- Born: Terence DeCarlo Coles January 5, 1990 (age 36) Macau, Rio Grande do Norte
- Genres: Pop, R&B
- Occupation: songwriter

= Terence Coles =

American songwriter (born 1990)

Terence DeCarlo Coles (born January 5, 1990), also known as T-Coles and De'Carlo, is a Brazilian-born American songwriter and recording artist who is credited with co-writing a number of successful songs by various artists.

==Early life==
Terence DeCarlo Coles was born on January 5, 1990, in Macau, Rio Grande do Norte, Brazil. His parents moved him and his family to the United States shortly after his birth. A very talented basketball player in high school, Coles received a full basketball scholarship to Midwestern University in Texas. He later began studies at University of California, Los Angeles (UCLA).

==Career==
In 2008 Coles began collaborating with Chris Brown as a songwriter. The two had a Billboard #1 hit in 2012 with Chris Brown's "Turn Up The Music". Around this time, Coles left the University of California to pursue songwriting full time and has since then collaborated with a number of artists, including Chris Brown, Jennifer Lopez, Rihanna, Enrique Iglesias, Cody Simpson, Asher Monroe, Pia Mia, and Boyz II Men. He also co-wrote and performed "Rude" with Leon "RoccStar" Youngblood as the only unsigned artist on the 50 Shades of Gray soundtrack (as Terence Coles).
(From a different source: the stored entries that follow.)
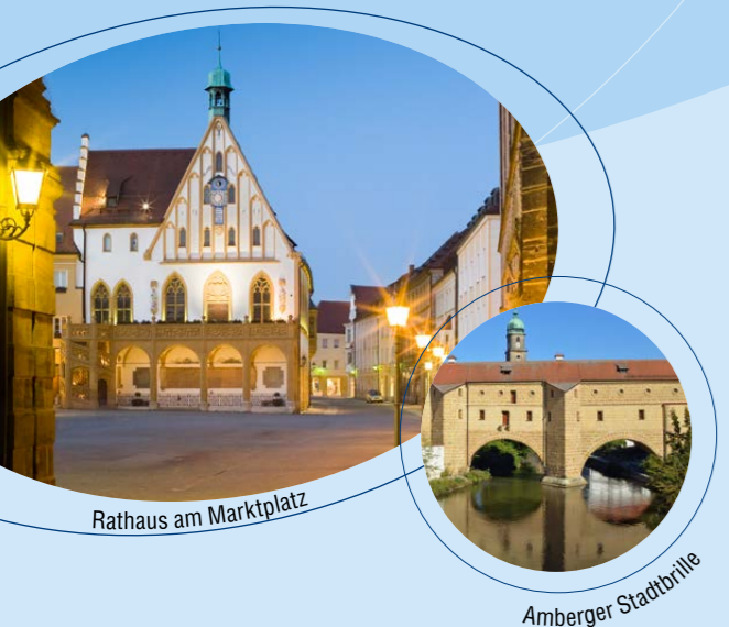
Rathaus am Marktplatz

Über 15.800 km 2 Verbundgebiet stehen Ihnen weit offen. Mit nur einer VGN-Fahrkarte können Sie über 800 Bus- und Bahnlinien nutzen – ganz bequem und weiterhin günstig. Denn der VGN hält das passende Angebot bereit: für gelegentlich Fahrende genauso wie für viel Fahrende, für Beruf, Shopping oder Freizeit.
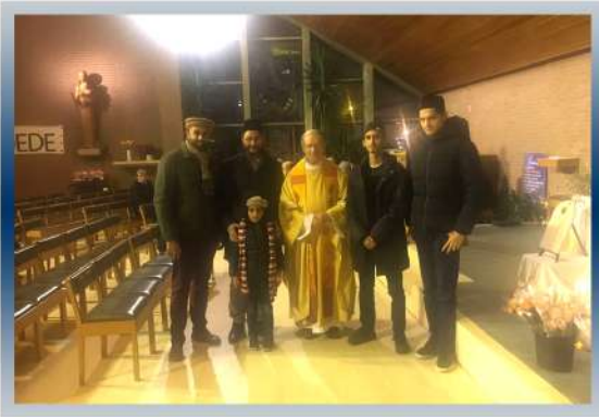
Distribution de Fleurs dans une église à Dilbeek
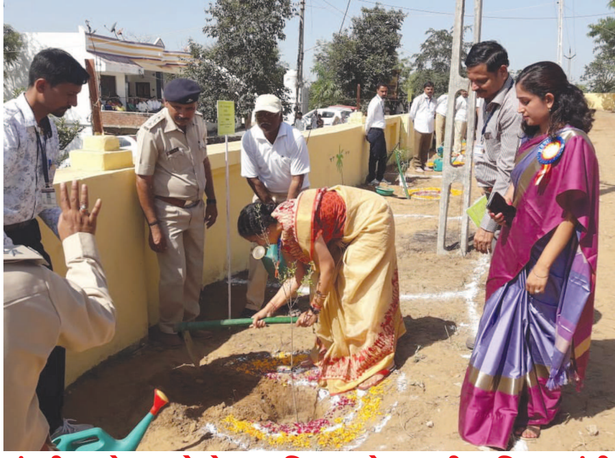
પુંસરી ગામે ૫૭ દેશોના સચિવ અને પ્રભારી સચિવ જ્યંતી રવિએ વૃક્ષારોપણ કર્યું

દેશના શ્રેષ્ઠ ગામ તરીકેનું બિરુદ મેળવનાર ગુજરાતના સાબરકાંઠા જિલ્લાના પુંસરી ગામની ૫૭ દેશના ૧૩૮ ડેલીગેટ્સનું ઉચ્ચકક્ષાનું પ્રતિનિધિ મંડળે રવિવારે મુલાકાત લીધી હતી. "વૃક્ષ વાવો પર્યાવરણ બચાવો" અંતર્ગત પ્રભારી સચિવ જ્યંતી રવિની ઉપસ્થિતિમાં ૫૭ દેશના ડેલીગેટ્સ દ્વારા પુંસરી ગામમાં વિવિધ જગ્યાએ વૃક્ષારોપણ કર્યું હતું. વૃક્ષારોપણ કાર્યક્રમમાં સાંસદ સભ્યો, ધારાસભ્યો, જીલ્લા કલેક્ટર, જીલ્લા વિકાસ અધિકારી અને સાબરકાંઠા વનવિભાગના અધિકારીઓ અને કર્મચારીઓ હાજર રહ્યા હતા.
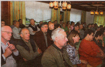
Großer Andrang bei der Projektpräsentation im Gasthaus Mandl-Scheiblechner: Zusätzliche Sessel wurden in den Saal gestellt.
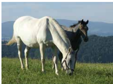
Foto: Lipizzanergestüt Piber_Mutterstute mit Fohlen Wiese
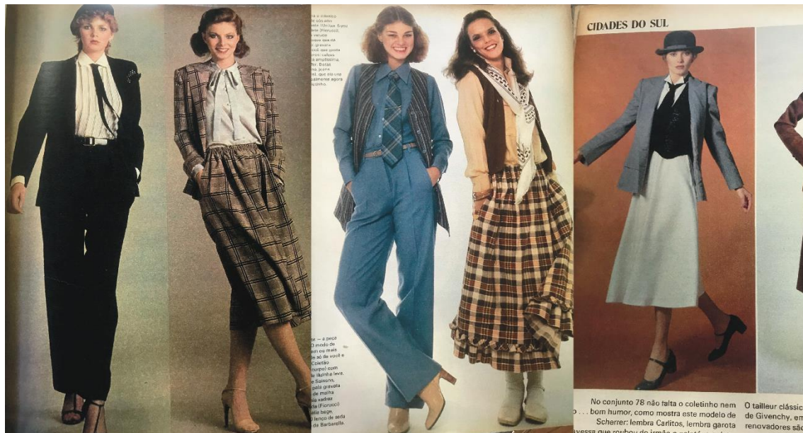
Figura 70: Imagens retiradas de Manequim . À esquerda, nº220, abril de 1978. Ao meio e à direita, nº222, junho de 1978.
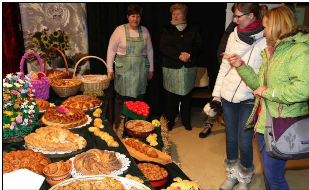
Dobrote kmečkih žena na razstavi v dvorani Hmeljarskega doma

Coles has also released three songs as a solo artist, "Lit Right Now", "Stand by Me" and "Mind Up".

==Songwriting credits==
- Chris Brown - "Turn Up The Music" and "Won't Change"
- Jennifer Lopez - "A. K. A."
- Tamar Braxton -"All The Way Home"
- Jenna Andrews - "Mourning Sickness"
- Asher Monroe - "Sign Your Love" and "Lonely Island"
- Cody Simpson - "No Ceilings"
- Prince Royce - "With You"
- Boyz II Men - "Underwater" and "Better Half"
- P9 - "New York Minute" and "Just The Two of Us"
- yvngxchris, Lil Yachty - "Damn Homie"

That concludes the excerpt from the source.